__Aim of the exercise__: Line by line, give the data again exactly as it appears, but without pictures.

===== Given information

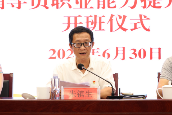 2022年6月30日,漳州城市职业学院在丹霞厅组织2022年辅导员职业能力提升专题培训班开班仪式。学院党委副书记朱镇生、各系书记、各系负责学生工作领导、全体辅导员、学生工作处全体人员参加开班仪式。会议由学生工作处处长吴育清主持。
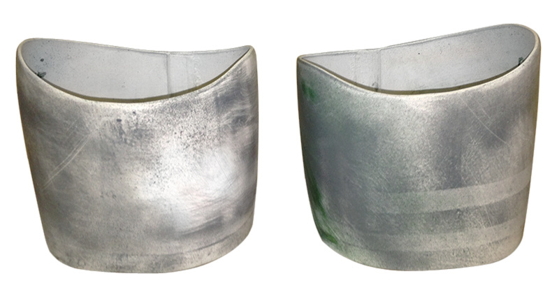 - Armor is seamless and has a calf spoon that inserts behind lower leg indent edge and is secured in place.
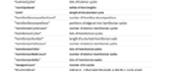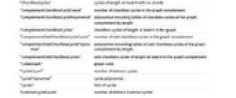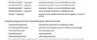 "ChordlessCycleCount" 无弦环数 "ChordlessCyclePolynomial" 编码无弦环长度计数的多项式 "ChordlessCycles" 无弦环 "ComplementChordlessCycleCount" 图补中的无弦环数 "ComplementChordlessCyclePolynomial" 按长度计算的补图无弦环多项式编码符 "ComplementChordlessCycles" 图中长度至少为 4 的无弦环 "ComplementOddChordlessCycleCount" 补图的奇无弦环数 "ComplementOddChordlessCyclePolynomial" 编码补图的奇无弦环长度计数的多项式 "ComplementOddChordlessCycles" 补图的奇无弦环 "CubeGraph" 立方图 (graph cube) "CycleCount" 不同环的数目 "CyclePolynomial" 环多项式 "Cycles" 环列表 "EulerianCycleCount" 不同欧拉环的数目 "EulerianCycles" 欧拉环列表 "FaceSignature" 面长度的计数 "Girth" 最短环的长度 "HamiltonDecompositionCount" 哈密顿分解的数目 "HamiltonDecompositions" 边集到哈密顿环的划分 "HamiltonianCycleCount" 不同哈密顿环的数目 "HamiltonianCycles" 哈密顿环的列表 "HamiltonianNumber" 最短哈密顿行走的长度 "HamiltonianPathCount" 不同哈密顿路径的数目 "HamiltonianPaths" 哈密顿路径的列表 "HamiltonianWalkCount" 不同哈密顿行走的数目 "HamiltonianWalks" 哈密顿行走的列表 "HexagonCount" 6-环的数目 "KCyclicIndices" 标记图为第 个
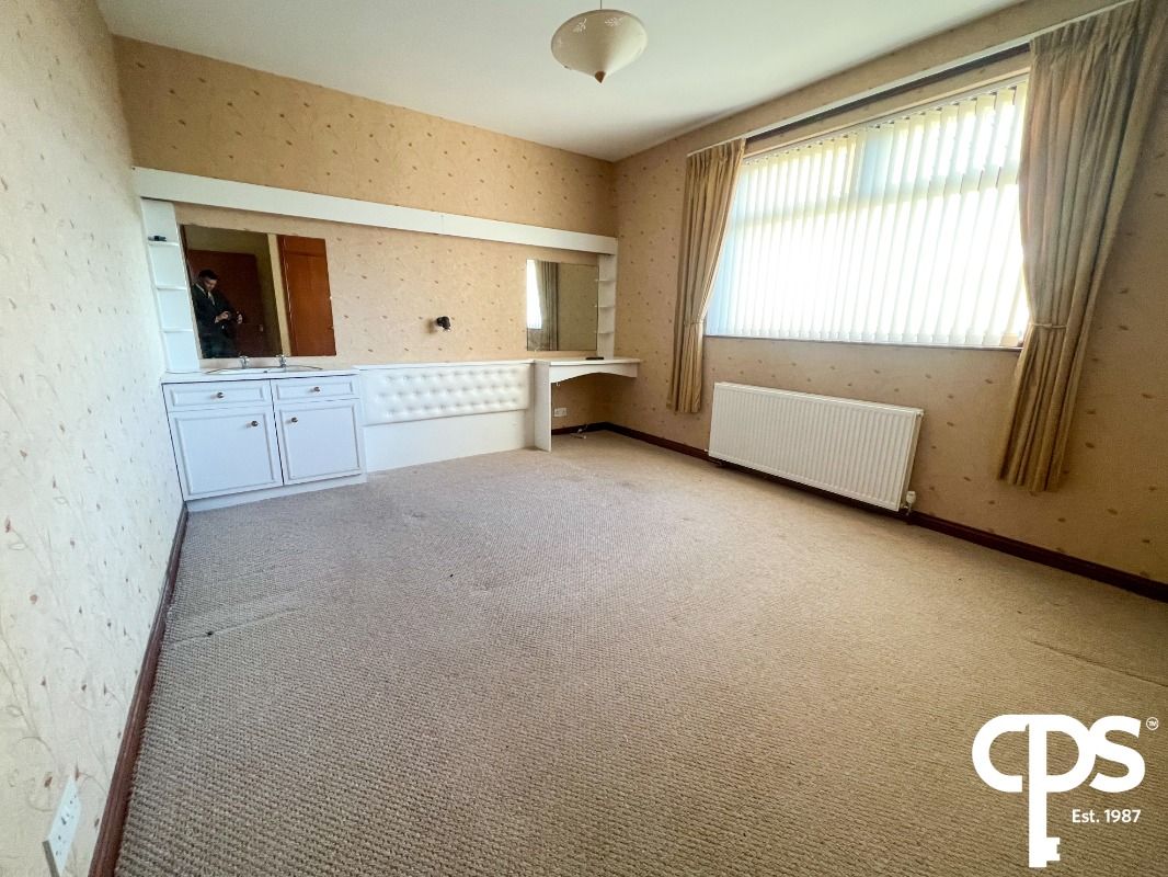 This main bedroom is a large double bedroom with built in side boards and sink. Bright room with scenic views. Built in wardrobe and carpeted floor. Tv points for wall mounted TV. Electrical points and double radiator.
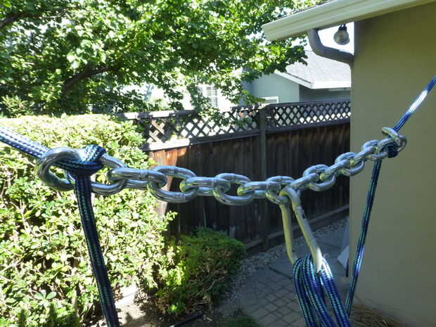 - Bucle de la cuerda por los extremos de la cadena como se muestra en la segunda foto asegura que haya suficiente fricción que la cuerda no desliza.
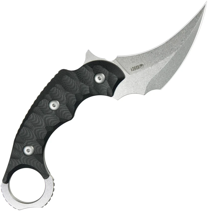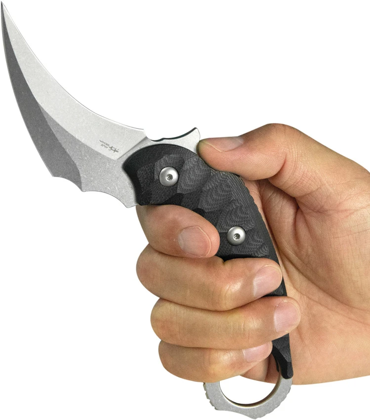 8″ (20.32cm) overall. 3″ (7.62cm) stonewash finish 14C28N Sandvik stainless karambit blade. Black G10 handle. Full, extended tang. Finger ring. Black Kydex belt sheath. Boxed.
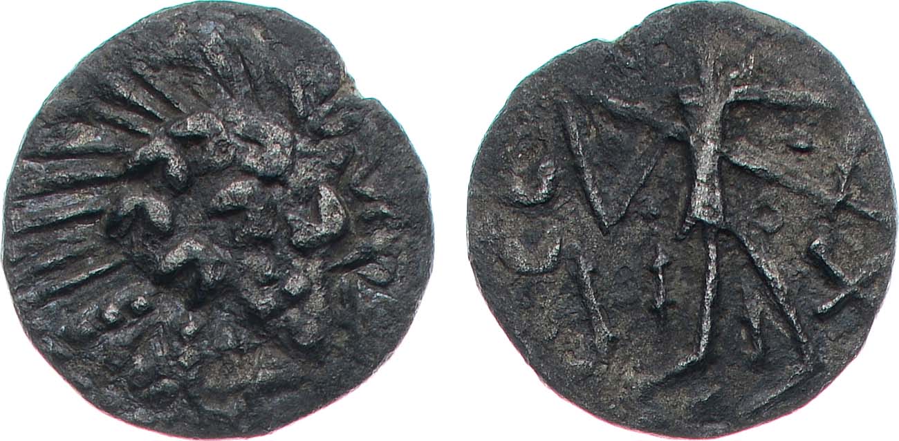 Серебро. 1,96г. Аверс: грубое схематичное изображение головы вправо. Реверс: фигура воина с копьем, слева в поле "I", справа - "X". VF.
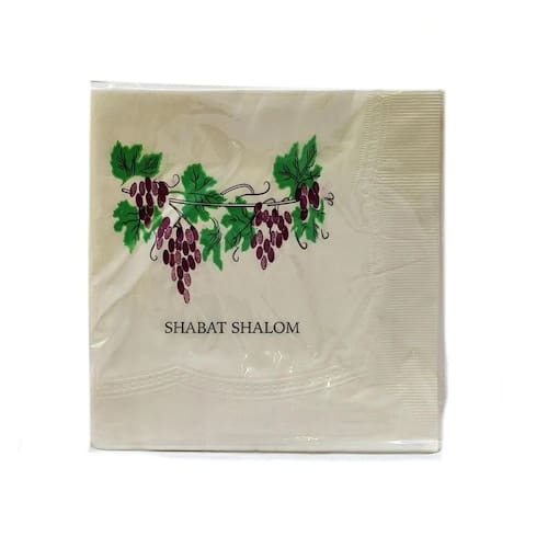 Pacote com 50 unidades de guardanapos desenhados com temas de shabat, decorados com uvas e com as palavras shabat shalom, transliterada.
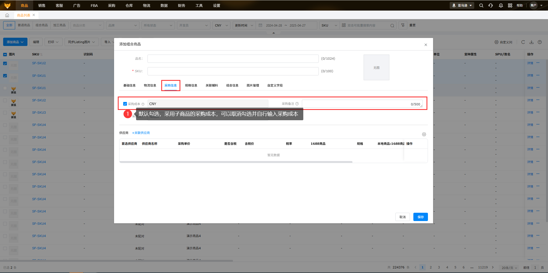 取消复选框勾选时,加工/组合商品的采购成本根据需要手动编辑生成,当子商品采购成本修改时,加工/组合商品的采购成本不会对应的改变。
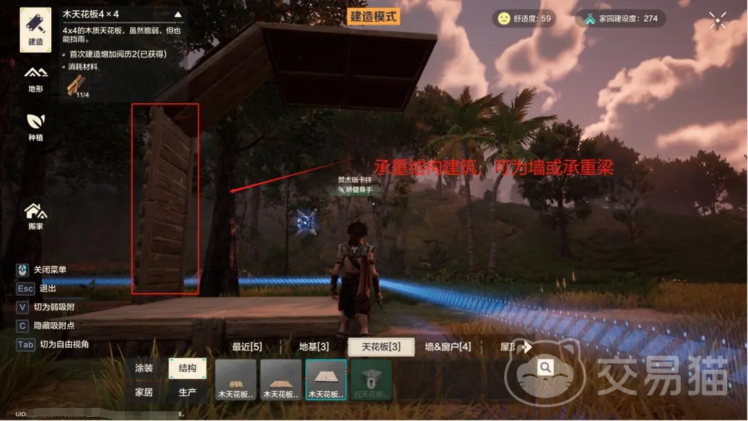 进入建造模式当中,就能涂装、结构、家居、生产等选项中选择需要建造摆放的物品,在获得配方后,并准备好建造材料就能完成建造。结构类物品是房屋建造的关键,打造时要注意合理的承重系统,不然高处的建筑可能会垮塌。而且功能型的建筑也需要注意,雨天暴露在室外的话是不能进行工作互动的,雨天也是无法再床上入睡的,所以需要搭建遮风挡雨的结构,才能让家园建筑正常运行。这些建筑物品都是有耐久度的,当然也能进行拆除,维修,移动等的操作。

==========

__The completed task__:
 2022年6月30日,漳州城市职业学院在丹霞厅组织2022年辅导员职业能力提升专题培训班开班仪式。学院党委副书记朱镇生、各系书记、各系负责学生工作领导、全体辅导员、学生工作处全体人员参加开班仪式。会议由学生工作处处长吴育清主持。
 - Armor is seamless and has a calf spoon that inserts behind lower leg indent edge and is secured in place.
 "ChordlessCycleCount" 无弦环数 "ChordlessCyclePolynomial" 编码无弦环长度计数的多项式 "ChordlessCycles" 无弦环 "ComplementChordlessCycleCount" 图补中的无弦环数 "ComplementChordlessCyclePolynomial" 按长度计算的补图无弦环多项式编码符 "ComplementChordlessCycles" 图中长度至少为 4 的无弦环 "ComplementOddChordlessCycleCount" 补图的奇无弦环数 "ComplementOddChordlessCyclePolynomial" 编码补图的奇无弦环长度计数的多项式 "ComplementOddChordlessCycles" 补图的奇无弦环 "CubeGraph" 立方图 (graph cube) "CycleCount" 不同环的数目 "CyclePolynomial" 环多项式 "Cycles" 环列表 "EulerianCycleCount" 不同欧拉环的数目 "EulerianCycles" 欧拉环列表 "FaceSignature" 面长度的计数 "Girth" 最短环的长度 "HamiltonDecompositionCount" 哈密顿分解的数目 "HamiltonDecompositions" 边集到哈密顿环的划分 "HamiltonianCycleCount" 不同哈密顿环的数目 "HamiltonianCycles" 哈密顿环的列表 "HamiltonianNumber" 最短哈密顿行走的长度 "HamiltonianPathCount" 不同哈密顿路径的数目 "HamiltonianPaths" 哈密顿路径的列表 "HamiltonianWalkCount" 不同哈密顿行走的数目 "HamiltonianWalks" 哈密顿行走的列表 "HexagonCount" 6-环的数目 "KCyclicIndices" 标记图为第 个
 This main bedroom is a large double bedroom with built in side boards and sink. Bright room with scenic views. Built in wardrobe and carpeted floor. Tv points for wall mounted TV. Electrical points and double radiator.
 - Bucle de la cuerda por los extremos de la cadena como se muestra en la segunda foto asegura que haya suficiente fricción que la cuerda no desliza.
 8″ (20.32cm) overall. 3″ (7.62cm) stonewash finish 14C28N Sandvik stainless karambit blade. Black G10 handle. Full, extended tang. Finger ring. Black Kydex belt sheath. Boxed.
 Серебро. 1,96г. Аверс: грубое схематичное изображение головы вправо. Реверс: фигура воина с копьем, слева в поле "I", справа - "X". VF.
 Pacote com 50 unidades de guardanapos desenhados com temas de shabat, decorados com uvas e com as palavras shabat shalom, transliterada.
 取消复选框勾选时,加工/组合商品的采购成本根据需要手动编辑生成,当子商品采购成本修改时,加工/组合商品的采购成本不会对应的改变。
 进入建造模式当中,就能涂装、结构、家居、生产等选项中选择需要建造摆放的物品,在获得配方后,并准备好建造材料就能完成建造。结构类物品是房屋建造的关键,打造时要注意合理的承重系统,不然高处的建筑可能会垮塌。而且功能型的建筑也需要注意,雨天暴露在室外的话是不能进行工作互动的,雨天也是无法再床上入睡的,所以需要搭建遮风挡雨的结构,才能让家园建筑正常运行。这些建筑物品都是有耐久度的,当然也能进行拆除,维修,移动等的操作。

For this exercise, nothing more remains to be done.